Galusha Anderson (March 7, 1832 – July 20, 1918) was an American theologian and university president.

== Biography ==
Anderson was born at Bergen, Genesee County, New York. His father was of Scotch descent and a strict Presbyterian. At a young age he converted to the Baptist faith and was determined to become a minister. Anderson was educated at the University of Rochester, graduating with high honors in 1854, and the Rochester (Baptist) Theological Seminary, graduating in 1856. His ministry began as pastor of the Baptist Church in Janesville, Wisconsin. After two years, he moved to St. Louis to be the pastor of Second Baptist Church.

His account of the Civil War in St. Louis, The Story of a Border City during the Civil War, is considered accurate, vivid, and balanced, even though Anderson was an ardent abolitionist and supporter of the Union. Published in 1908, the account covers the entire duration of the war. "He became distinguished as a preacher of the Baptist denomination, and was called in 1866 from his Church in St. Louis to the professorship of homiletics, Church polity, and pastoral duties, in Newton theological institute."

He held several other pastorates, became president successively of the Old University of Chicago (1878–85) and Denison University (1887–90), professor of practical theology at the new University of Chicago in 1892–1903, when he became emeritus professor. Dr. Anderson was given the degrees of D.D., 1866, and LL.D., 1884, by the University of Rochester.

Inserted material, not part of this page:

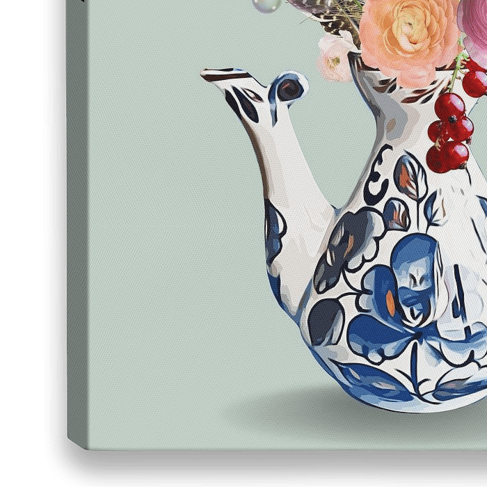 Dies ist kein Foto, sondern ein digital komponierter Entwurf einer delfterblauen Kaffeekanne mit einem Blumenstrauß und Federn.

Following his retirement in 1904, Anderson devoted much of his time to writing. His writings include:
- The Elements of Chrysostom's Power as a Preacher (1903)
- Ancient Sermons for modern Times, a translation from Asterius (1904)
- The Story of a Border City during the Civil War (1908)
- When Neighbors Were Neighbors, a Story of Love and Life in Olden Days (1911)

He died at his son's home in Wenham, Massachusetts on July 20, 1918.